• [Data for processing]:

-- Opening Marker --

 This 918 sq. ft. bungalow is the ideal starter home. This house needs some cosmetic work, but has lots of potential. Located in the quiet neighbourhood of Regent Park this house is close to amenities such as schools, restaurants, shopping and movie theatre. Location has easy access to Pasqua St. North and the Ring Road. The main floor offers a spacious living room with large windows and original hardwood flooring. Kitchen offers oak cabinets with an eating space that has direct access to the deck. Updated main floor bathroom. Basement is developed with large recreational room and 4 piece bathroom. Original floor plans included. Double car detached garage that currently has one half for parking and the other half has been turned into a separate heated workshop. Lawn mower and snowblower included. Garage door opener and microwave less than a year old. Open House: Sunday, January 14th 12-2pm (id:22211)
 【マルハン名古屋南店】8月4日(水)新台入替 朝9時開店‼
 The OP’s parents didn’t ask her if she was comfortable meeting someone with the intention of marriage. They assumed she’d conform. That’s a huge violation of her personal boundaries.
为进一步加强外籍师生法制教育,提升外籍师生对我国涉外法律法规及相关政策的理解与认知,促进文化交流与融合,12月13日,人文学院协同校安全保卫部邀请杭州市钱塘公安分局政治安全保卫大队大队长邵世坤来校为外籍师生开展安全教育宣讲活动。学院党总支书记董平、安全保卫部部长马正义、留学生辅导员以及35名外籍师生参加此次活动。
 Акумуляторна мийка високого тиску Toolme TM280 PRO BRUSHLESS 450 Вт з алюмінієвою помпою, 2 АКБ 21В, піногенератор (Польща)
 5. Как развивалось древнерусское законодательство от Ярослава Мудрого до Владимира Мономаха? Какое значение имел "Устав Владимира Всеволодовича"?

-- Closing Marker --
-- Opening Marker --

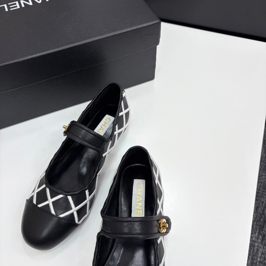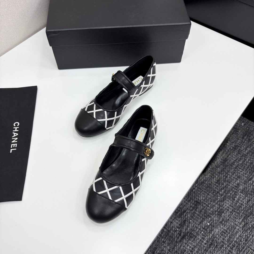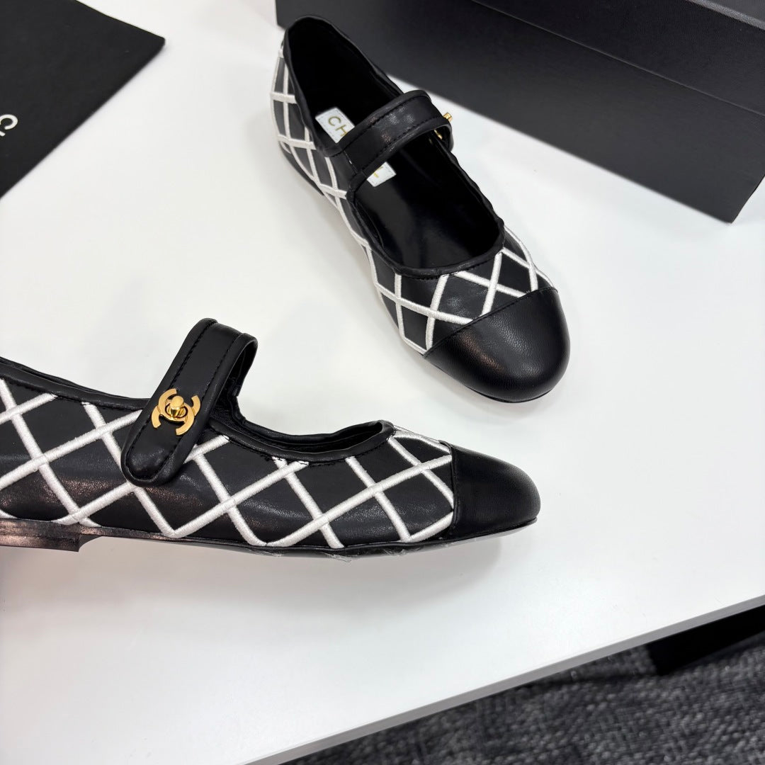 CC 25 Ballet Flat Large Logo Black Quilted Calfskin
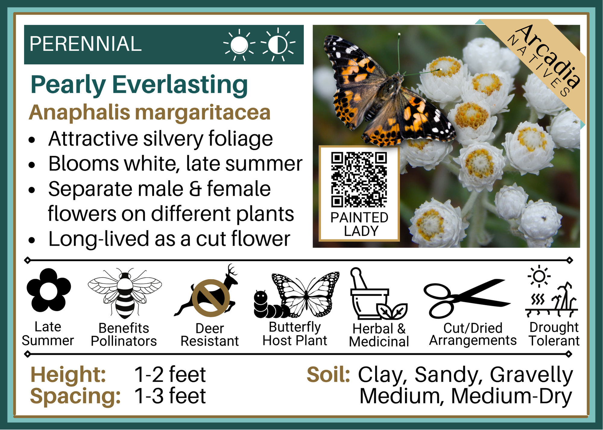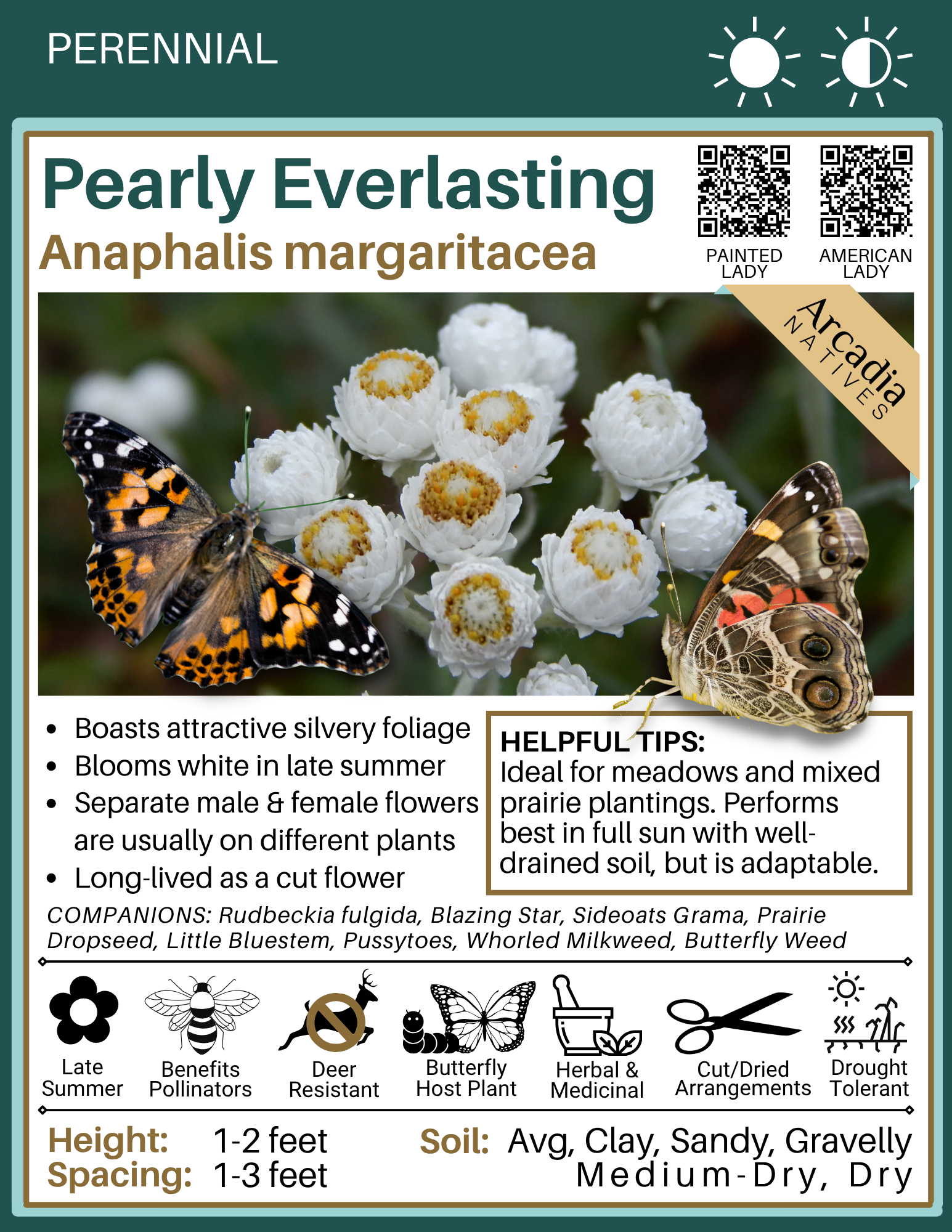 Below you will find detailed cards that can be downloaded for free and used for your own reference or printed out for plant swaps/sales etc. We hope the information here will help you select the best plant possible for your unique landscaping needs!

-- Closing Marker --
-- Opening Marker --

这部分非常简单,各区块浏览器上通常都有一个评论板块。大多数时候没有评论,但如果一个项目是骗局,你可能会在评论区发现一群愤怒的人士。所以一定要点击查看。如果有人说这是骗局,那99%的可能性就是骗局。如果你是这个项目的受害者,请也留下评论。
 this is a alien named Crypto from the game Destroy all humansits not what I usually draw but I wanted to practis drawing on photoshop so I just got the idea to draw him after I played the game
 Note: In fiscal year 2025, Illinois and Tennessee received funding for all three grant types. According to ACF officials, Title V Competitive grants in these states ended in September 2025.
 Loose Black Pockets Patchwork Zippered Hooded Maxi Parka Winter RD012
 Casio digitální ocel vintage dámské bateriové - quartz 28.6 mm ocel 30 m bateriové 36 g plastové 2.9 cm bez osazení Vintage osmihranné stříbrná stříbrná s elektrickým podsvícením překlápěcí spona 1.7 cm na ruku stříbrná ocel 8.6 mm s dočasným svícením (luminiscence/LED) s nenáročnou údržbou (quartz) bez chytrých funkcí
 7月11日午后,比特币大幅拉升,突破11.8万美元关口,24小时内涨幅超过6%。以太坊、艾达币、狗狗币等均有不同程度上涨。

-- Closing Marker --

• [What you will do]:
Only those lines of the entries above that run from the line containing "Loose Black Pockets" to the line containing "7月11日午后,比特币大幅拉", both included, should be transcribed exactly.

• [Result of the task]:
 Loose Black Pockets Patchwork Zippered Hooded Maxi Parka Winter RD012
 Casio digitální ocel vintage dámské bateriové - quartz 28.6 mm ocel 30 m bateriové 36 g plastové 2.9 cm bez osazení Vintage osmihranné stříbrná stříbrná s elektrickým podsvícením překlápěcí spona 1.7 cm na ruku stříbrná ocel 8.6 mm s dočasným svícením (luminiscence/LED) s nenáročnou údržbou (quartz) bez chytrých funkcí
 7月11日午后,比特币大幅拉升,突破11.8万美元关口,24小时内涨幅超过6%。以太坊、艾达币、狗狗币等均有不同程度上涨。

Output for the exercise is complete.